Could be low sulphur Wyoming coal going to a plant on the the east coast. Georgia Power burns a LOT of Wyoming coal so it ships all the way to the eastern seaboard.
Just to exhaust all possibilities - are you sure it was coal? It isn’t unusual for a railroad to use regular hopper cars to haul taconite from a Great Lakes port south to a steel plant. Taconite isn’t red like raw iron ore, it’s black to dark gray. Taconite is quite a bit denser / heavier than coal, so if carried in regular coal-type hoppers, the cars would usually not be filled to the top - maybe 1/2 to 2/3 full max.
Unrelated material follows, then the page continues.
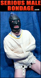 | As a final punishment, the guards returned me to Cell 4, where they stripped me out of my black rubber. I was very thankful for the release from the rubber, until Hawk and Rob immediately bent my legs and arms, then stuffed me into a rubber hogsack on the floor. I wailed in protest yet again, and NoEscapeSlave hollered at the guards from the adjacent cell about my mistreatment. Of course, none of this had any effect. After the cell door clanged shut, the guards left me writhing in my torment with only one tiny breathing hole at my mouth. I had finally paid the price for my attempt to escape. These videos can be seen on SeriousMaleBondage.com. Check it out! |

NS operates several loaded hopper trains that come from the East on the old PRR Ft. Wayne Line off Pittsbugh Line at Crestline rounds the South-East leg of the wye here at Bucyrus and heads East.
Some of the Westbound coal is headed for the Sandusky docks,steel mills,coke plants and power plants.
These cars were full. The top of the load was higher than the sides of the cars. Not sure how many steel plants are still operating in Ohio but most of them were in the east (Youngstown, Steubenville).
Larry, any idea where that southbound coal was heading? I guess that would be considered an eastbound by NS, but as you know that line is going due south at that point.